### Task directions
Only the lines below from the one that contains "チャコールグレーニットパンツ、ブルーオックスフォードシャツ (オンライン限定商品) /すべてGap" through the one that contains "落ち込む朝海をそばで支えるのは、幼馴染で世話係α・巽。" should appear in your answer, exact and without pictures.

### Listed records

Segment Open

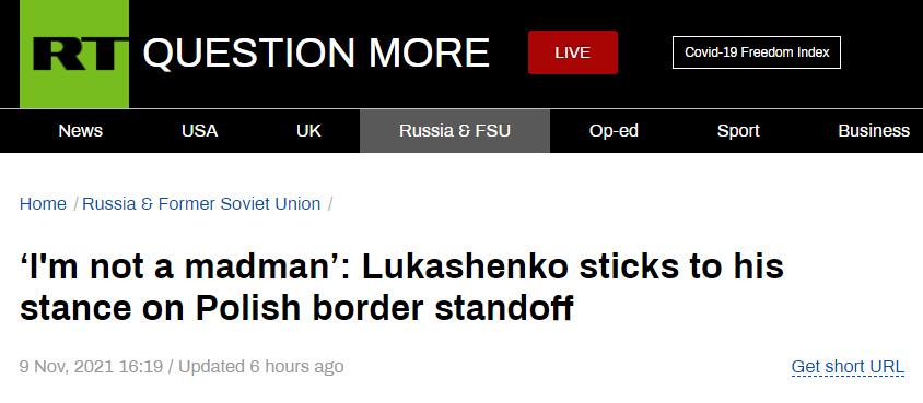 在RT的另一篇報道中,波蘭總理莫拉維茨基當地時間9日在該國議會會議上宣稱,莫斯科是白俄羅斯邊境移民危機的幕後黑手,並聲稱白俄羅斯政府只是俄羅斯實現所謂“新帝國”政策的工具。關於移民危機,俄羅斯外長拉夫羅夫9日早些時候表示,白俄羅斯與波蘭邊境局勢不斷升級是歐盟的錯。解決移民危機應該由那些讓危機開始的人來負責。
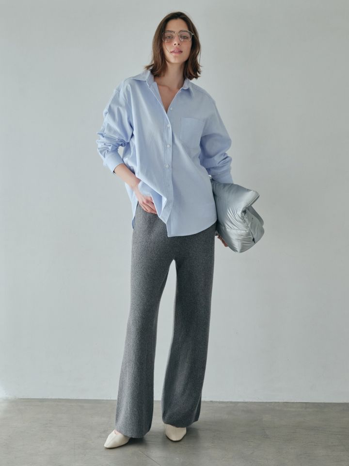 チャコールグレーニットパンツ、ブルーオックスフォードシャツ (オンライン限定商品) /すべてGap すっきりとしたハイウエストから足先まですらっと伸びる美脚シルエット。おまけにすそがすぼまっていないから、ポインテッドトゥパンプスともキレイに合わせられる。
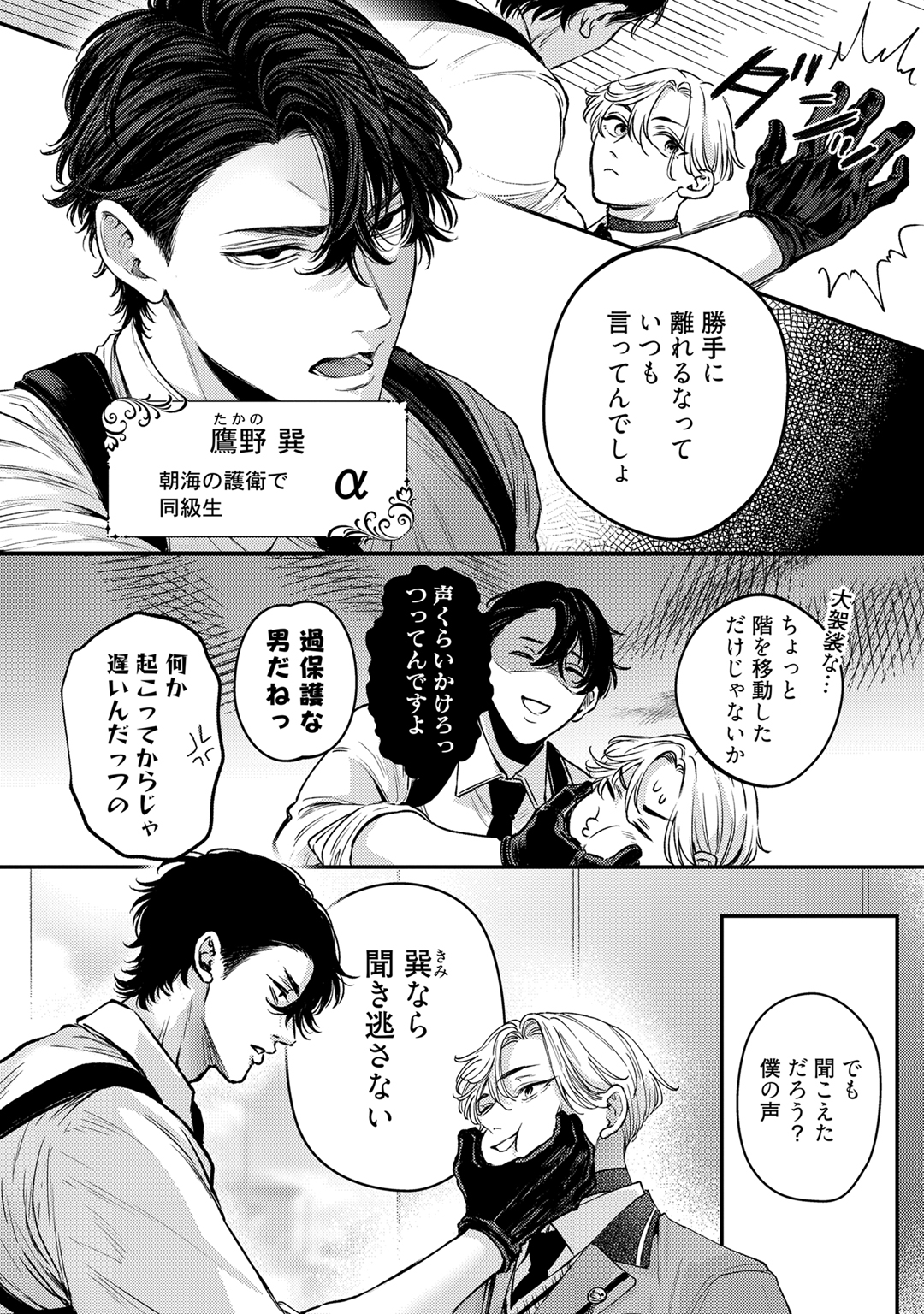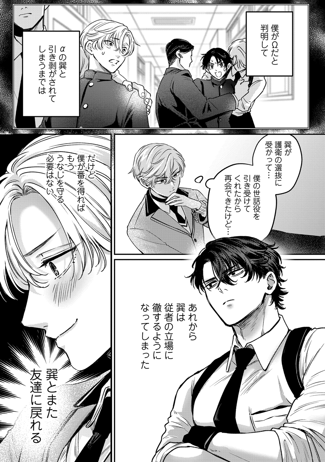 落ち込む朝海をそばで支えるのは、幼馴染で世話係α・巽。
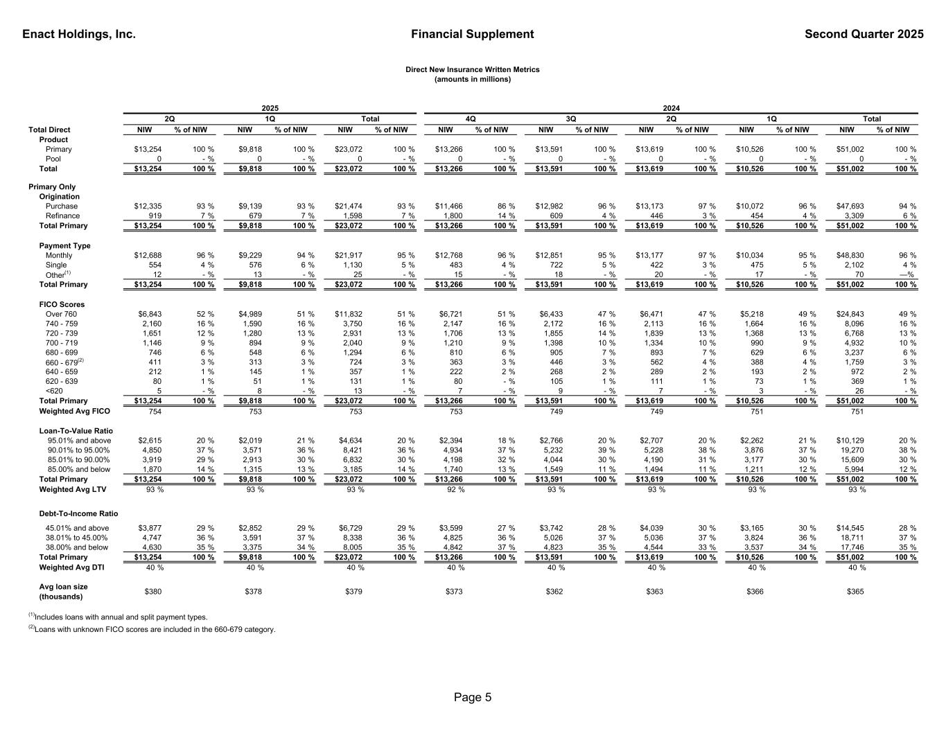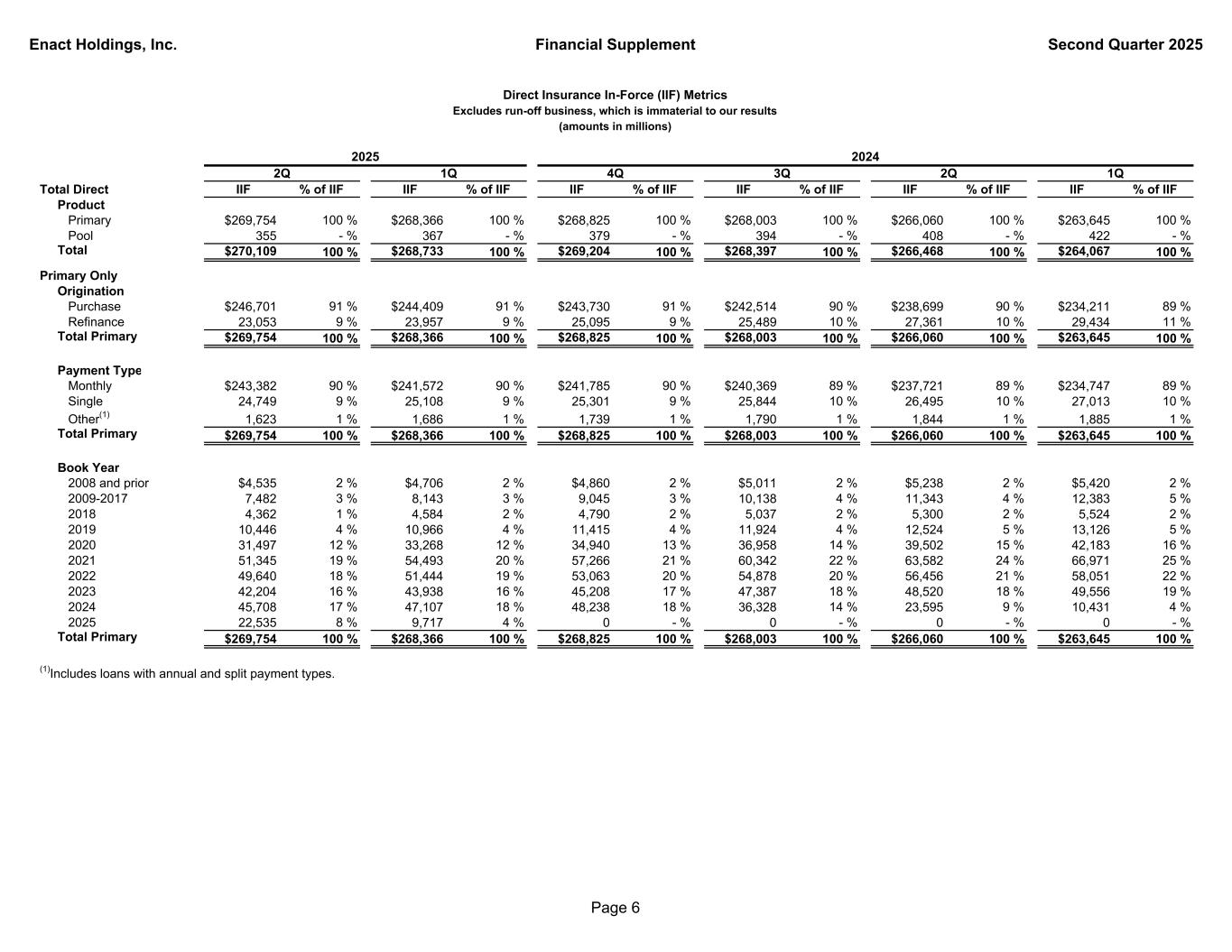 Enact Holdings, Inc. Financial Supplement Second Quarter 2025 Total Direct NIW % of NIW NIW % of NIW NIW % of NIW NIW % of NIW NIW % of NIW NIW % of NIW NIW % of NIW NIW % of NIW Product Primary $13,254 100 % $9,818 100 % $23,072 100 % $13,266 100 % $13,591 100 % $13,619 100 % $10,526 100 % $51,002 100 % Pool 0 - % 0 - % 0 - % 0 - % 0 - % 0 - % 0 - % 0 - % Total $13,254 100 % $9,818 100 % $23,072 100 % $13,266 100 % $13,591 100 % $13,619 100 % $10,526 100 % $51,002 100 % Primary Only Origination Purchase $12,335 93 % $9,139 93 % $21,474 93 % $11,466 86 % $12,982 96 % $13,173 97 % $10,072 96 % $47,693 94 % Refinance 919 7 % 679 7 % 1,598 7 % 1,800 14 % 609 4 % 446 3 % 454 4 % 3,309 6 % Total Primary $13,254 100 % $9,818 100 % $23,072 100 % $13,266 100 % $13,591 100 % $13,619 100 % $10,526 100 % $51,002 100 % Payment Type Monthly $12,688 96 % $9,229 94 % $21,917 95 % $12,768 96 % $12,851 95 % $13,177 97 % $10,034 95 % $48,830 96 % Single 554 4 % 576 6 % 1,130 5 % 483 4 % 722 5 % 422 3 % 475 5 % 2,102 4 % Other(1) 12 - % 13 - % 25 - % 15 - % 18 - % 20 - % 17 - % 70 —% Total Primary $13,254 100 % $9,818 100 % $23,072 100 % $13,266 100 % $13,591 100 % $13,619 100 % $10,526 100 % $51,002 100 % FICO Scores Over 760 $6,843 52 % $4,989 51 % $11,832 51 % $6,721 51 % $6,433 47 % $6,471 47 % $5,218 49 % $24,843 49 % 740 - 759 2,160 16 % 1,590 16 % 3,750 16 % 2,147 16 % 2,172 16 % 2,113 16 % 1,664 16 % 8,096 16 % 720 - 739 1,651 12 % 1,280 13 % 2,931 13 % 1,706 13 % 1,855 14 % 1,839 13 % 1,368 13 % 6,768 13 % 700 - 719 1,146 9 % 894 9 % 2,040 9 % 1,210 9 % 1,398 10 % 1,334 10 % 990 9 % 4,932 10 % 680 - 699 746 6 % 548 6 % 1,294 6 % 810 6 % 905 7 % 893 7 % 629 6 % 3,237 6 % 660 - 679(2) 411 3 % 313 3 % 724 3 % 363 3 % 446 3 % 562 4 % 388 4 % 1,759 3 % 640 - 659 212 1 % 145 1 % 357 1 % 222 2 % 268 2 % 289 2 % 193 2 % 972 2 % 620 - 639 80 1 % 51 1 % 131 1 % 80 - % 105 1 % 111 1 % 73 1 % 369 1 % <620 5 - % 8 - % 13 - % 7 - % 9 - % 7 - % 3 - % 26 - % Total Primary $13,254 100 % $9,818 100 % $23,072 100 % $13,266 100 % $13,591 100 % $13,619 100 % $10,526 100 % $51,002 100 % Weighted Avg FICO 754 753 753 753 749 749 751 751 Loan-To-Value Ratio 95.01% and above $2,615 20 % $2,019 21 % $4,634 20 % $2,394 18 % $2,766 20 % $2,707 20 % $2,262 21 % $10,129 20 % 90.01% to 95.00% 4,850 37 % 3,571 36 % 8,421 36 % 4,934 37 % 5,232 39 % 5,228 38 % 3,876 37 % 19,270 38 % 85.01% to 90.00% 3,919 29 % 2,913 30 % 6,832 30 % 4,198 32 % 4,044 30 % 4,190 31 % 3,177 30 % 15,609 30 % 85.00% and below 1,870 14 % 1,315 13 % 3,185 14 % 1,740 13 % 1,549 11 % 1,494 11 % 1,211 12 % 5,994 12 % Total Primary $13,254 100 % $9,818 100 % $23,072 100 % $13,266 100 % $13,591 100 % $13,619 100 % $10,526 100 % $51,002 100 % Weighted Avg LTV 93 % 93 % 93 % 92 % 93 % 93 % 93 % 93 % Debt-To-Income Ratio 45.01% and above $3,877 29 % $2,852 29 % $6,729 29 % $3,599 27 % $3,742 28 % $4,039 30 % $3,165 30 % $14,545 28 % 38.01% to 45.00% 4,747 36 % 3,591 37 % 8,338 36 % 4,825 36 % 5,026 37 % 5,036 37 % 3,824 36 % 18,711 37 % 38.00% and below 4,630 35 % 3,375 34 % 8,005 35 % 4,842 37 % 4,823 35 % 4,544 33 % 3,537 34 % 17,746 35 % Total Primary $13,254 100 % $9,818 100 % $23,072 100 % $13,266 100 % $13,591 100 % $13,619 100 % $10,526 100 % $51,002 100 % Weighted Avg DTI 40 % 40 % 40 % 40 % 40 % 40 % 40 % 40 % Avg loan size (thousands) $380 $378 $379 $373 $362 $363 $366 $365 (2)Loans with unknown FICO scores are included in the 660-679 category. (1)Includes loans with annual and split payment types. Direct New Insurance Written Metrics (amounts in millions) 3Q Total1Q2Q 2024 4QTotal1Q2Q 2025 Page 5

Segment Closed
Segment Open

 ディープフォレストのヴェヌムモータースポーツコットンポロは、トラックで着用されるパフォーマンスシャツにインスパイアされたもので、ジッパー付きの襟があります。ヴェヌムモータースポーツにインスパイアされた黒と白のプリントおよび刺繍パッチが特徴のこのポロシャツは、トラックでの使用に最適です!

Segment Closed

### Response
 チャコールグレーニットパンツ、ブルーオックスフォードシャツ (オンライン限定商品) /すべてGap すっきりとしたハイウエストから足先まですらっと伸びる美脚シルエット。おまけにすそがすぼまっていないから、ポインテッドトゥパンプスともキレイに合わせられる。
 落ち込む朝海をそばで支えるのは、幼馴染で世話係α・巽。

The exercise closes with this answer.